Стоит непременно добавить в хронотоп парной телятинки, картошечки, нежного зеленого горошка, сметанки, а также, по вкусу, былинку тоски и щепотку бесконечности… Греческий салат «а ля рюс» готов! Разрешите последний совет: мешать «узо» с водкой не рекомендуется – чистой воды синкретизм.

Бархат сезона слегка поизносился, но обезумевший от красоты Нестор, или, как его величала русская подруга, Стар, смаковал греческий мир, разъезжая на античном «Фиате» по безлюдным дорогам Родоса. Лишь иногда, играючи, юноша закручивал патриотические гайки. Не без удовольствия отмечая, что Третий Рим пока стоит, гудит, пыхтит и не заваливается, а второй уже того, утомился и отдыхает…

Иногда невзначай Нестор испытывал нестерпимый прилив патриотизма и находил душевное успокоение в отрицании красоты Эллады. Вновь загадить авгиевы конюшни ему было не по силам, и он ограничивался подвигами поскромнее. Однажды идиллический хронотоп привел парочку в развалины на опушке сказочного, но греческого леса.

– Много грибов, Марго, в русских лесах…. А здесь – одни идеи да архетипы грибов.

– Мне одного хватает…

– Красиво как, а?! Какая все же идиллическая красота! Но у нас, ты знаешь, все как-то стилистически круче. Другой, скажем, размах и пафос, – справедливо заметил Нестор, вожделенно посмотрев окрест декольте подруги. Та внимала и не дремала…

– Стар, я заметила, когда красиво, тебя на секс тянет. Что ты вчера творил в музее? Чуть не принялся экспонаты осеменять, бесстыдник!

– Маргаритка, я полюбовно хотел, а ты кокетничала.

– Как ты тащился, а? Красиво, красиво, а-а-а… красиво, а-а-а… красиво – едва спаслась в греческом зале. Потом ворвался в меня в замке крестоносцев. Охаживал подругу на фоне заходящего солнца. Эстет хренов, – томно прошептала красотка и ухватила Нестора за тазобедренные суставы.

Надо признать: Стар был весьма недурен и обладал врожденным талантом нравиться соотечественникам. Его статьи для тонких журналов с откровенными картинками, которые он писал под псевдонимом Старик Нестор, отличались особой чувственностью и пользовались известной популярностью в среде мнимых, тайных и бесспорных эротоманов, коими так богата русская земля.

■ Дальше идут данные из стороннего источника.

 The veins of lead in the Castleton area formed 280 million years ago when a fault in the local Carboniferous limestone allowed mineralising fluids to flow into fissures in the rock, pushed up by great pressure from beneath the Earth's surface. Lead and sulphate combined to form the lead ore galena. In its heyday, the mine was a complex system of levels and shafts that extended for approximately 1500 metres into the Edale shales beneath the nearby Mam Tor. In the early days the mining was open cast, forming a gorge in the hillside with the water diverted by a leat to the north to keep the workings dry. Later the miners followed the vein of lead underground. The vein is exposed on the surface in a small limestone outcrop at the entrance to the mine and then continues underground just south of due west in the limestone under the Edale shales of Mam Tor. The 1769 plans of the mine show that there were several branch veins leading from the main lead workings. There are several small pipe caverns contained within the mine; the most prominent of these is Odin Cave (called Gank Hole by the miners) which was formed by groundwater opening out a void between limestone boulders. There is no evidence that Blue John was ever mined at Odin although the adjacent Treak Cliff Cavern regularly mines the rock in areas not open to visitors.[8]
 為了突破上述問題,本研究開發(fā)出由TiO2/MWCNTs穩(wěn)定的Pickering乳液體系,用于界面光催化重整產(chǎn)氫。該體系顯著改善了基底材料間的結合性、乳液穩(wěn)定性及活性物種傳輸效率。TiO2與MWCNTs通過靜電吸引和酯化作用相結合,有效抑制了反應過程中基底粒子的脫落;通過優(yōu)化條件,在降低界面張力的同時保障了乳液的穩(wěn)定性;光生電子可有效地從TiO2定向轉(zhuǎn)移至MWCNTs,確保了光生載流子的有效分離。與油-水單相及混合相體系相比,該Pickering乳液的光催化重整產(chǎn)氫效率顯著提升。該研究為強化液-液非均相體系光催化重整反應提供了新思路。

– Ты мне муза или нет? – с вызовом спросил Стар и приклеился поплотнее. – Русский художник не может без красоты, – брякнул он и чмокнул Марго в обнаженность души.

– И без допинга тоже! – заключила Маргарита и нежно ущипнула партнера. – Ты, стервец, опять «под вдохновением», а я за светлое дыхание над головой. Работать над аурой надо, старик!

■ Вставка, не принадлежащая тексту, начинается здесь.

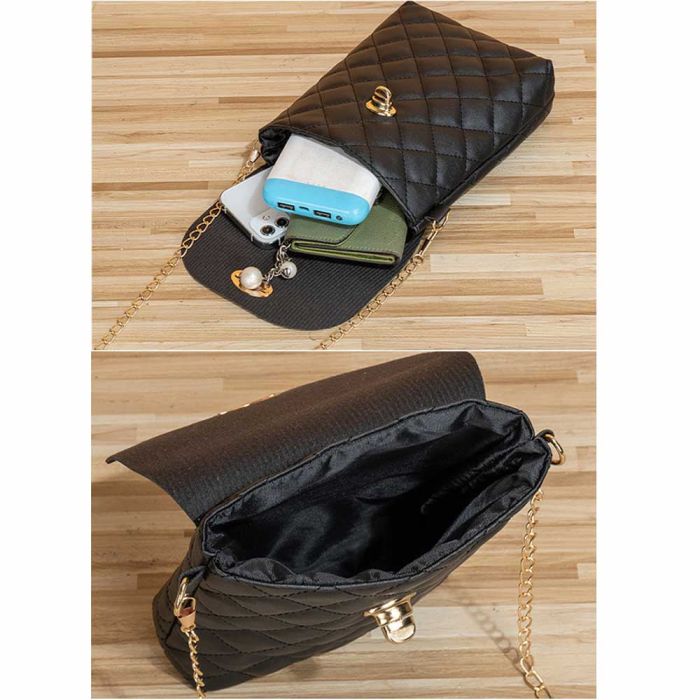 حقيبة كروس مزخرفة بالألماس للسيدات مصنوعة من مواد PU عالية الجودة، تضفي لمسة من الأناقة والتميز على إطلالتك اليومية، تصميمها العملي يتيح لك التنقل بسهولة وراحة، مع مساحة كافية لحمل الهاتف المحمول والأغراض الأساسية، تتميز بقفل سلسلة متين يضمن أمان مقتنياتك، مما يجعلها الخيار المثالي للسيدات الباحثات عن الأناقة والعملية في آن واحد.
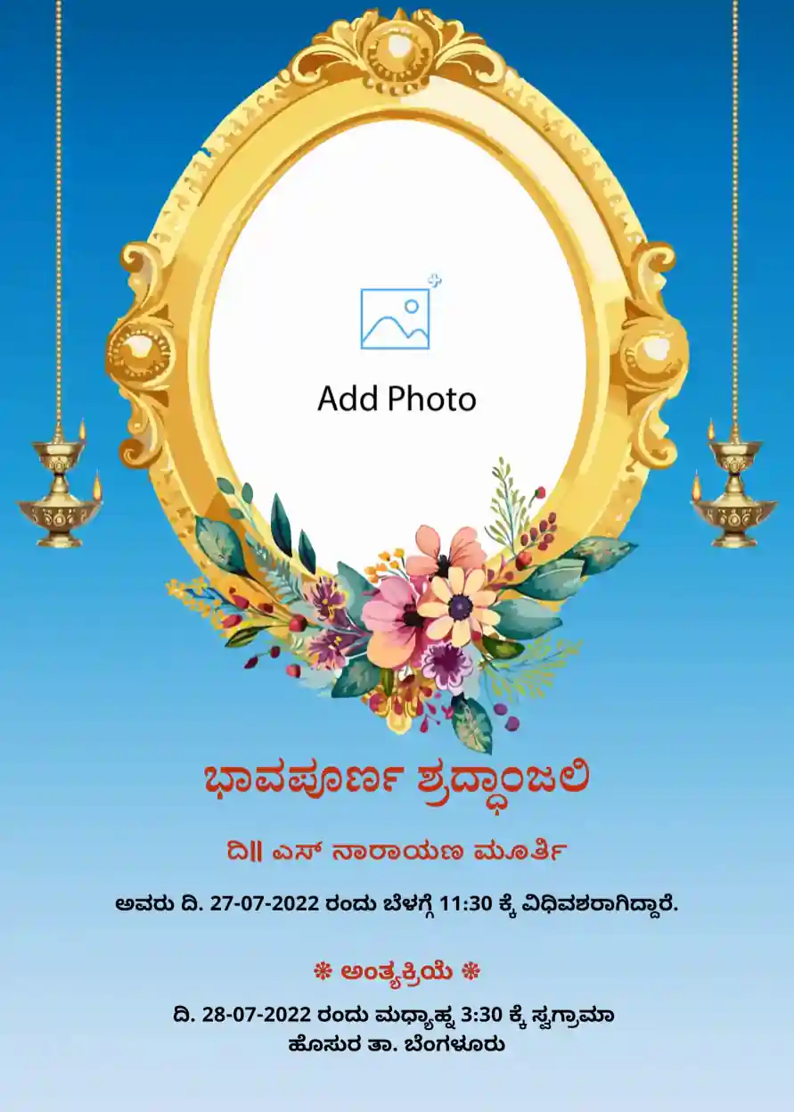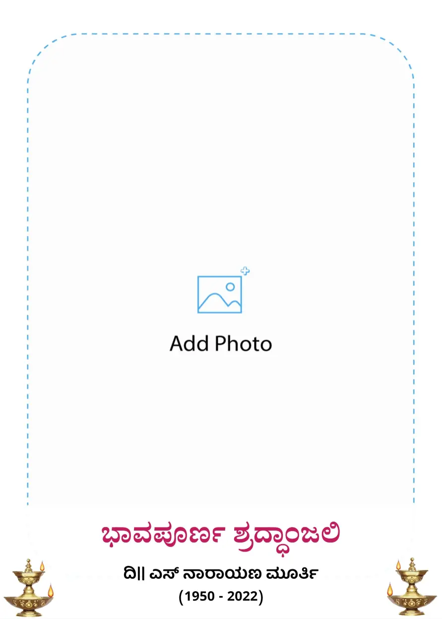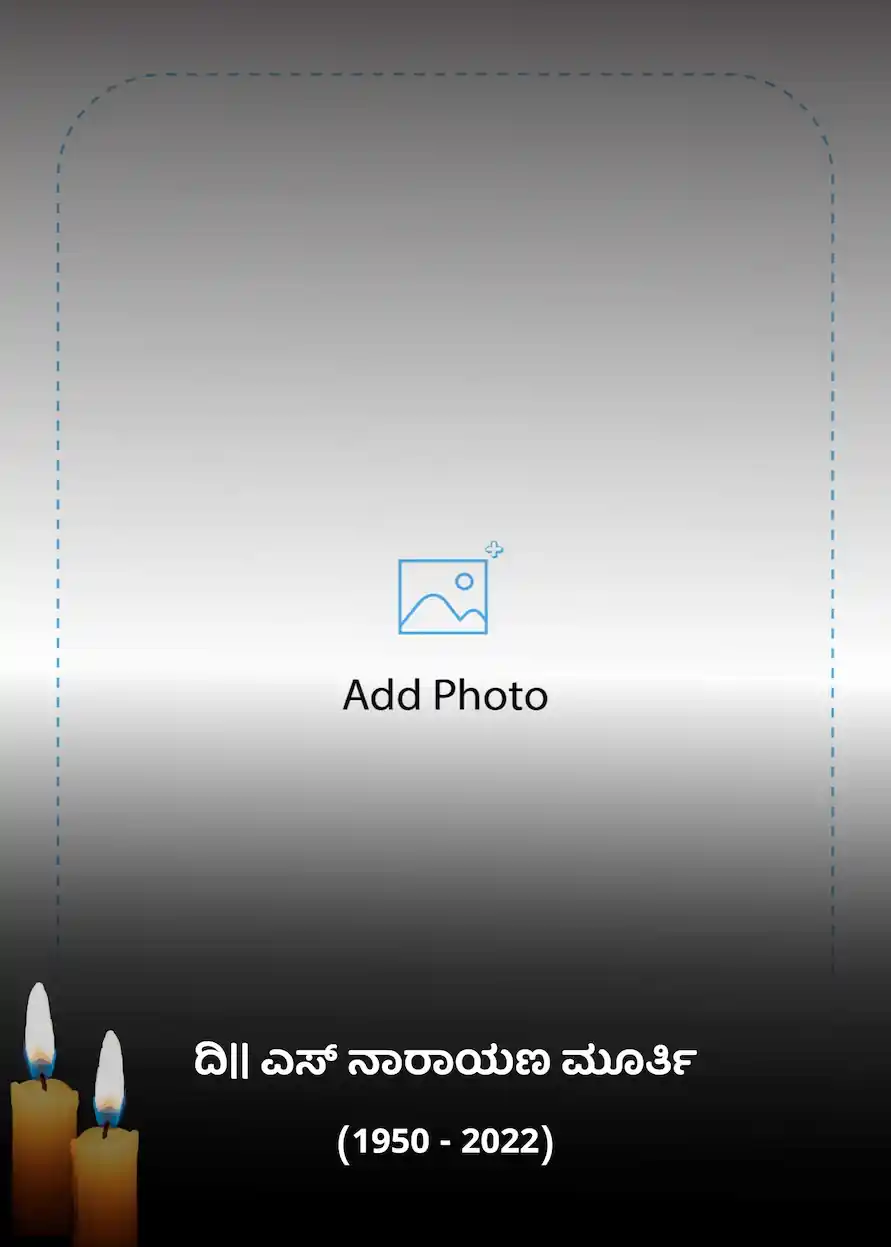 ಪ್ರೀತಿಪಾತ್ರರು ನಮ್ಮನ್ನು ತೊರೆದು ಹಿಂತಿರುಗಲಾಗದ ಜಗತ್ತಿಗೆ ಹೋದಾಗ ಅದು ನೋವುಂಟು ಮಾಡುತ್ತದೆ. ಶ್ರದ್ಧಾಂಜಲಿ ಟೆಂಪ್ಲೇಟ್ಗಾಗಿ ಹುಡುಕುತ್ತಿರುವಿರಾ? ನಮ್ಮ ಪ್ಲಾಟ್ಫಾರ್ಮ್ ಅನ್ನು ಬಳಸಿಕೊಂಡು ನೀವು ಒಂದು ನಿಮಿಷದಲ್ಲಿ ಶ್ರದ್ಧಾಂಜಲಿ ಕಾರ್ಡ್ ಅನ್ನು ರಚಿಸಬಹುದು. ಅನೇಕ ಟೆಂಪ್ಲೇಟುಗಳು ಮತ್ತು ವಿನ್ಯಾಸ ಆಯ್ಕೆಗಳೊಂದಿಗೆ, ಬಳಕೆದಾರರು ತಮ್ಮ ಪ್ರಿಯ ವ್ಯಕ್ತಿಯ ವ್ಯಕ್ತಿತ್ವವನ್ನು ಪ್ರತಿಬಿಂಬಿಸುವ ಕಾರ್ಡ್ ಅನ್ನು ರಚಿಸಲು ಸಾಧ್ಯವಾಗುತ್ತದೆ. ಸ್ವಯಂ-ಉಪಯೋಗಿಸುವ ಇಂಟರ್ಫೇಸ್ ಬಳಸಿ ನೀವು ವೈಯಕ್ತಿಕ ಸಂದೇಶಗಳು, ಫೋಟೋಗಳು ಮತ್ತು ವಿವರಗಳನ್ನು ಸೇರಿಸಬಹುದು, ಇದರಿಂದ ಪ್ರತಿಯೊಂದು ಕಾರ್ಡ್ ಅನ್ನು ಅತ್ಯಂತ ವಿಶೇಷವಾಗಿ ರೂಪಿಸುತ್ತದೆ. ತತ್ಕ್ಷಣ ಡೌನ್ಲೋಡ್ ಮಾಡಿ ಮತ್ತು ಅದನ್ನು WhatsApp status ವಾಗಿ ಬಳಸಿ.

– Извини, заливаю прорехи бытия, понимаешь, «наводняю» душу эфиром, – пролепетал тезка летописца и внучатый племянник ответственного работника Удмуртской АССР. – Кстати, Марго, кто чесночный соус жрет без удержу, дядя?

– А как же вкус отечества, мой друг? Водка и чеснок – полная гармония! Потом, надо же от тебя как-то обороняться. Вот и приходится любить тебя с чесноком, по-русски…

– Ах ты, гидра подколодная! – восхитился Стар.

– Сатир безрогий! – парировала Марго, даже не пытаясь оттеснить неземную красоту на безопасную дистанцию.

– Красавица!

– Сам красавец! – вторила муза, легонько оттолкнув своего прозаика и нарочито медленно побежав в кусты.

Нестор был орлом и без особого труда, подобно Зевсу-лебедю, настиг прекрасную Маргариту-Леду. В развалинах античных бань было тепло, уютно, пустынно, по-русски хорошо…

Оправившись и переместившись в пространстве, Нестор занудно и туманно, как оракул, предсказывал русскую идею, прогуливаясь по пляжу русским лирическим шагом. Он искусно подвешивал увиденному за день славянофильские яйца, поражая подругу недюжинным художественным чутьем.

– Нельзя, Марго, бездумно копировать античные образцы, жопой чую! Получается все как-то, увы, глупо и фригидно; без общественного задора, песен, плясок и хорового пения. Ты знаешь, мне ближе византизм – медведи, цыгане, «Очи черные» и «Не говорите мне о нем». По мне, демократия в России – извращение какое-то, Содом и Гоморра!

Тут, надо признать, молодому философу возразить нечем… Многие соотечественники избрали именно этот подход к реализации демократической идеи. Маргарите, однако, сексуальная истина была дороже.

– Ты хочешь сказать, Стар, что все российские демократы – педики? Сомнительный тезис, по крайней мере, не в твоем сексуальном вкусе. Хотя, старик, ты прав: у нас все через жопу… и реформы, и застой.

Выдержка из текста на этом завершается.